2015-11-23 01:14:15.282 01.GCD Walkthrough [2,165:3,634,728] parallel Queue--Asynchronous Task <nsthread:0x7fb3b841b0a0>{number = 4, name = (NULL) } 3
2015-11-23 01:14:15.282 01.GCD Walkthrough [2,165:3,634,724] parallel Queue--Asynchronous Task <nsthread:0x7fb3b8514da0>{number = 3, name = (null)} 0
2015-11-23 01:14:15.282 01.GCD Walkthrough [2,165:3,634,726] parallel Queue--Asynchronous Task <nsthread:0x7fb3b8604db0>{number = 5, name = (null)} 2
2015-11-23 01:14:15.282 01.GCD Walkthrough [2,165:3,634,725] parallel Queue--Asynchronous Task <nsthread:0x7fb3b86119d0>{number = 2, name = (null)} 1
2015-11-23 01:14:15.285 01.GCD Walkthrough [2,165:3,634,729] parallel Queue--Asynchronous Task <nsthread:0x7fb3b87011f0>{number = 6, name = (NULL)} 4

3.NSOperation & Nsoperationqueue

Although GCD is already powerful, the API it uses is still in C language. At some point, it is very inconvenient and unsafe to use in object-oriented objective-c.

So Apple abstracts the operations in GCD into Nsoperation objects, abstracting the queues as Nsoperationqueue objects.

Abstract for the benefit of Nsoperation & Nsoperationqueue after a few:

Code style Unified, we do not have to write in the object-oriented objective-c in the face of the process of the C language code.
We know that the execution code of the operation in GCD is written in the anonymous block, so it is difficult to set dependencies on the operation and cancel the operation.
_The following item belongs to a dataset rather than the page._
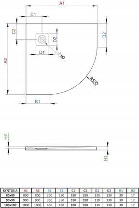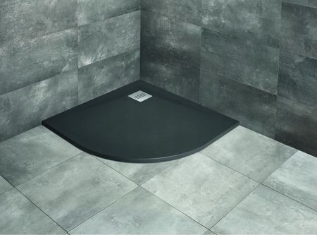 Radaway HKA9090-74 KYNTOS Напівкруглий душовий піддон 90x90 антрацит з мармурового конгломерату. Душові піддони серії Teos і Kyntos виготовлені з мармурового конгломерату, матеріалу, що характеризується чудовими функціональними властивостями та естетичними цінностями. Цей матеріал стійкий до різного роду забруднень, зміни кольору та стирання. Структурована поверхня STONE має протиковзкі властивості, що забезпечує безпеку під час використання. Конструкція душових піддонів гарантує їх легку установку безпосередньо на підлогу або їх можна вбудувати в підлогу, щоб душовий піддон був на одному рівні з підлогою.

These features are already encapsulated within the Nsoperation object. ^-^
Nsoperationqueue objects are more powerful and flexible than queues in gcd, such as setting the number of concurrent operations and canceling all operations in the queue.
Nsoperation are divided into nsinvocationoperation and nsblockoperation

The use of nsinvocationoperation

First, define a Nsoperationqueue object
nsoperationqueue *queue = [[Nsoperationqueue alloc] init];
Nsinvocationoperation *op = [[Nsinvocationoperation alloc] initwithtarget:self selector: @selector (operationaction:) object:@ "Here can wear parameters"];
[Queue addoperation:op];//the operation into the queue
-(void) Operationaction: (id) obj
{
  NSLog (@ "%@-obj:%@", [ Nsthread CurrentThread], obj);

The output is:

2015-11-23 02:55:19.067 multi-threaded demo[2604:3686934] <nsthread:0x7f9dfa443510>{number = 2, name = (null)}-obj: You can wear parameters here
The use of nsblockoperation

Nsoperationqueue *queue = [[Nsoperationqueue alloc] init];
Nsblockoperation *op = [Nsblockoperation blockoperationwithblock:^{
[Self operationaction:@ "This is Nsblockoperation"];
}];
[Queue Addoperation:op];
The output is:

2015-11-23 02:56:11.812 multi-threaded demo[2617:3687872] <nsthread:0x7fa983f10a50>{number = 2, name = (null)}-obj: This is Nsbloc Koperation
Set dependencies (Order of execution)

Nsoperationqueue *queue = [[Nsoperationqueue alloc] init];
Nsinvocationoperation *OP1 = [[Nsinvocationoperation alloc] initwithtarget:self selector: @selector (operationaction:) object:@ "OP1"];
Nsinvocationoperation *OP2 = [[Nsinvocationoperation alloc] initwithtarget:self selector: @selector (operationaction:) object:@ "OP2"];
OP2 is executed after OP1
[OP2 adddependency:op1];//Here you need to be aware that you must set up dependencies before addoperation

[Queue ADDOPERATION:OP1];
[Queue ADDOPERATION:OP2];
The output is:

2015-11-23 02:57:40.283 multi-threaded demo[2661:3689737] <nsthread:0x7fb663e132d0>{number = 2, name = (null)}-OBJ:OP1
2015-11-23 02:57:40.284 multi-threaded demo[2661:3689737] <nsthread:0x7fb663e132d0>{number = 2, name = (null)}-OBJ:OP2
the output of the dependency is not set:

2015-11-23 03:00:45.939 multi-threaded demo[2709:3692307] <nsthread:0x7fe951d0d8a0>{number = 2, name = (null)}-obj: OP2
2015-11-23 03:00:45.939 multithreading demo[2709:3692308] <nsthread:0x7fe951c24720>{number = 3, name = (null)}-obj: OP1
Here you should find that, in Nsoperation & Nsoperationqueue, we do not need to define the type of operation and the type of queue and control the order of execution of the operation, like GCD. You just need to set the order of execution of the operation directly.